▶ TASK REQUIREMENTS: A faithful copy of all the data is required; pictures should not be included.

▶ INFORMATION SHOWN:
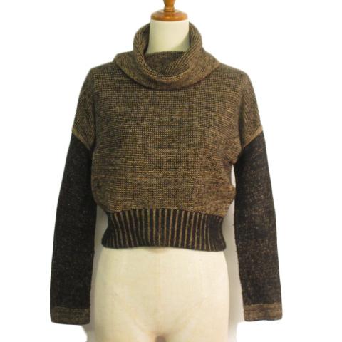 【中古】ザラ ZARA セーター ニット オフタートル クロップド S 黒 ブラック ベージュ レディース
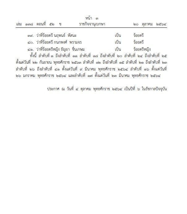 เว็บไซต์ราชกิจจานุเบกษา เผยแพร่ประกาศ พระราชทานยศ พ.ต.หญิง คุณหญิงมนัสสิยา ทิพยวชิราภักดิ์ พ.ต.หญิง คุณหญิงชยุตรา สิริวชิรภักดิ์
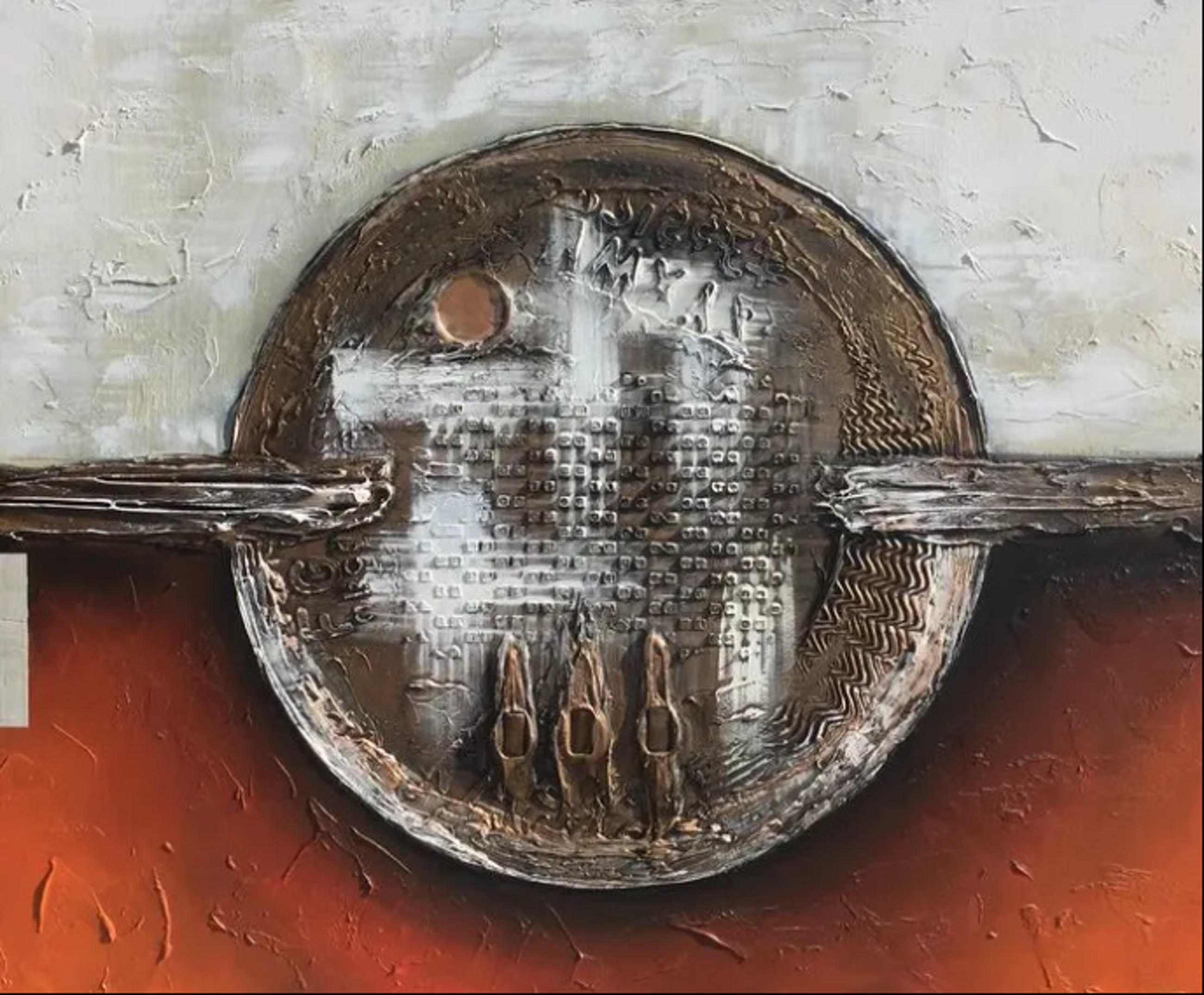 ACRYLVERF OP DOEK –TITEL: THE CODE GESIGNEERD – 2010 ORIGINEEL WERK VAN KUNSTENAAR GENA. HET DOEK WORDT GELEVERD MET EEN CERTIFICAAT VAN ECHTHEID. OPGESPANNEN OP DIK SPIERAAM 3D, ZIJKANTEN MEEGESCHILDERD. FORMAAT : 100 X 120 CM3D TITEL: THE CODE

▶ PROBLEM SOLUTION:
 【中古】ザラ ZARA セーター ニット オフタートル クロップド S 黒 ブラック ベージュ レディース
 เว็บไซต์ราชกิจจานุเบกษา เผยแพร่ประกาศ พระราชทานยศ พ.ต.หญิง คุณหญิงมนัสสิยา ทิพยวชิราภักดิ์ พ.ต.หญิง คุณหญิงชยุตรา สิริวชิรภักดิ์
 ACRYLVERF OP DOEK –TITEL: THE CODE GESIGNEERD – 2010 ORIGINEEL WERK VAN KUNSTENAAR GENA. HET DOEK WORDT GELEVERD MET EEN CERTIFICAAT VAN ECHTHEID. OPGESPANNEN OP DIK SPIERAAM 3D, ZIJKANTEN MEEGESCHILDERD. FORMAAT : 100 X 120 CM3D TITEL: THE CODE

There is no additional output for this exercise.